I picked up the Inkbird Wifi thermometer, IBBQ-4T, and was wondering which app would be the best to use along with it?  The instructions point me to the Inkbird Pro app, however, I've heard others use 3rd party apps such as BBQ Go.

Anyone have experience with this thermometer and success with the Inkbird app or others?  Thanks.


----------



## JLeonard

I use the Inkbird Pro app w/o any issues with that same thermometer.
Jim


----------



## smokerjim

i use the bbq go app. works well


----------



## BBQ Bird

JLeonard said:


> I use the Inkbird Pro app w/o any issues with that same thermometer.
> Jim
> Are you IOS or Android (I'm using Android) ?  The reviews in the Playstore aren't so great.


----------



## JLeonard

I'm a apple guy. The app works well for me. I've been at Lowes and been able to check the temps on my smoker at home.
Jim


----------



## DRKsmoking

I have the same one, IBBQ-4T, i use the Inkbird Pro app. On my android and  works great 

David


----------



## bigfurmn

Inkbird pro on android. I have no issues with it.


----------



## BBQ Bird

Just installed the Inkbird Pro app.  Hardest part was locating the wifi password.  Seems like it will work well so far.  Thanks everyone for the feedback.  

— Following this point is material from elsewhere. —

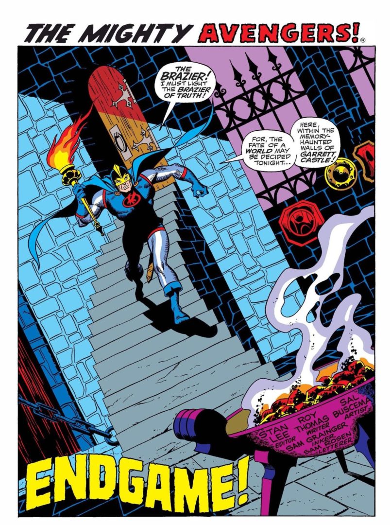 Come abbiamo detto, il primo albo chiamato “Endgame!” (col punto esclamativo, che allora era un’immancabile presenza) è un classicone realizzato in coppia da Roy Thomas e Sal Buscema. L’albo è il numero #71 della testata The Avengers, che ha da poco ripreso il suo nome storico dopo la parentesi “The Mighty Avengers“, ed esce a dicembre del 1969. Sulla copertina, d’incredibile impatto, vediamo la consueta scena di battaglia, una tradizione del periodo visto che l’intenzione era quella di attirare subito l’attenzione del lettore, spesso giovane o giovanissimo.

First cook on the new smoker is tomorrow: ribs and chuck burnt ends.  Super excited!


----------



## JLeonard

BBQ Bird said:


> Just installed the Inkbird Pro app.  Hardest part was locating the wifi password.  Seems like it will work well so far.  Thanks everyone for the feedback.
> 
> First cook on the new smoker is tomorrow: ribs and chuck burnt ends.  Super excited!


Yeah seems that the setup was a bit of a chore. But ive had zero probs since.
Jim


----------



## JWFokker

Bbq Go is the old inkbird app, presumably for older model temp monitors.


----------